If I die, I would like to ask my colleagues in the media--those assigned to write my obituary, should I rate one--to spare me hypocritical bullshit praise.

I don't believe in an afterlife. Still, whatever remains of my spirit would be incredibly annoyed if The New York Times were to give me the Howard Zinn treatment. Zinn, the brilliant leftist historian who wrote The People's History of the United States, was lauded both in a Times obit and an op-ed column by Bob Herbert.

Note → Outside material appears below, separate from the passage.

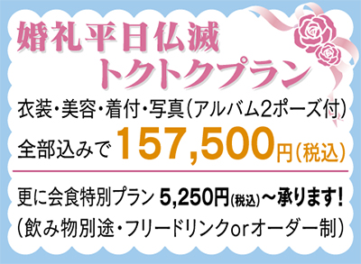 挙式ご成約の方には、披露宴後3万円の旅行券をプレゼント。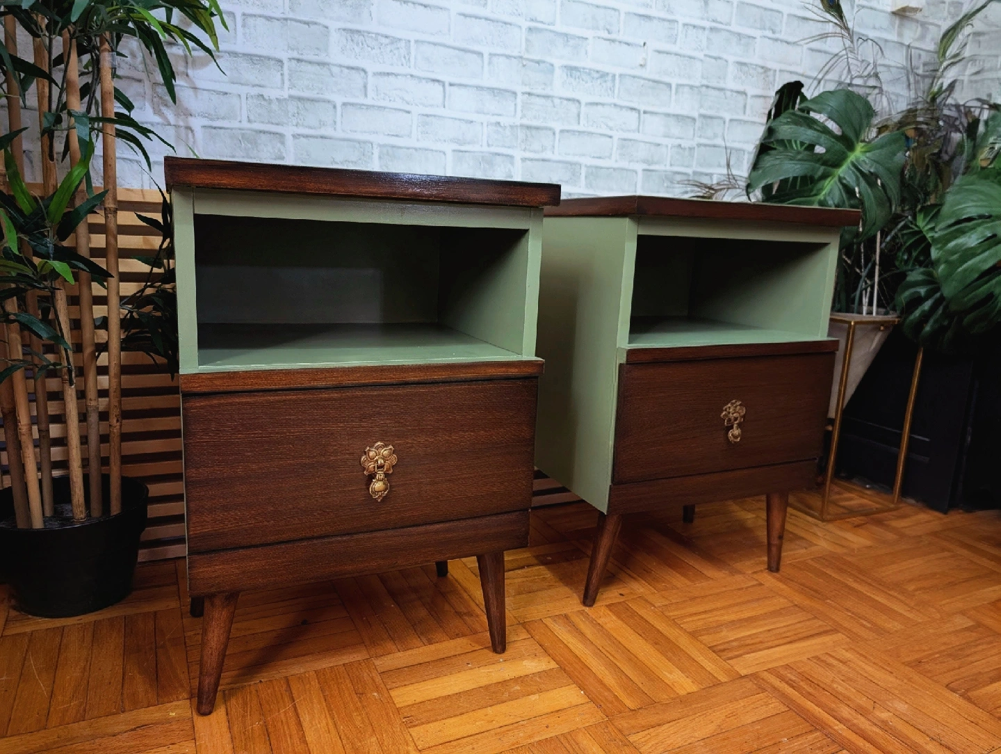238MCM Nightstands (1960 Quebec) Beautiful wooden pieces with bare patterned wood drawers and Earthy Sage. Lots of storage and golden rare medallion handles from the 1930s. Very rare find. See makers mark. Truly more beautiful than photos. One of a kind redesign! Measures: 24.75H x 16.75W x 13.75 D Delivery Cost = Location ๐ Loads more items posted. Asking if available / low offers will not be responded to.

When Zinn was still alive, however, you'd never know it by reading the Times. The Paper of Record never ran Zinn. If they reviewed him at all, his books were given the short shrift. He was correct about most things, and thus too far left for the Times.

During the 1990s, I was the most frequently reprinted political cartoonist in The New York Times. They ran my op-eds. Then 9/11 happened. Editors got scared. Publishers started sucking up to President George W. Bush and his right-wing supporters. I vanished from the print edition.

I'm not whining. It's their paper.

But, Times editors, please don't sing my praises in the obituaries. Don't talk about how I was once the youngest syndicated cartoonist in the country, how I won a bunch of awards, how I helped revolutionize an art form, how my work was controversial and widely discussed, how cool it was that I went to Afghanistan and Central Asia. If you really thought I was great, you would have run my stuff. You didn't. You thought I sucked. Or you didn't have the guts to deal with angry readers.

This also goes for USA Today. You never ran one of my cartoons. I've done more than 4,000 of them. Not one ever appeared in USA Today. If you mention my death, please include an explanation of why I'm worth mentioning but not worth publishing.

Newsweek deserves special mention as well. Newsweek publishes the worst cartoons by the worst cartoonists. If I die in Afghanistan, one advantage of being dead will be that I never have to lay eyes on that p.o.s. again. They ran me one time. Once!

Special you-ignored-me-my-entire-career-so-don't-suck-up-after-I-die shout-outs also go to The Washington Post, which canceled me in response to a write-in campaign by right-wing extremists, and The San Francisco Chronicle, NPR and every newspaper in my home state of Ohio. When I shed this mortal coil and shuffle off to the great open bar full of funny cartoonists and loose women in the sky, whenever that happens, I beg you to do me one last favor: say that I suck. Or, better yet, don't mention me at all.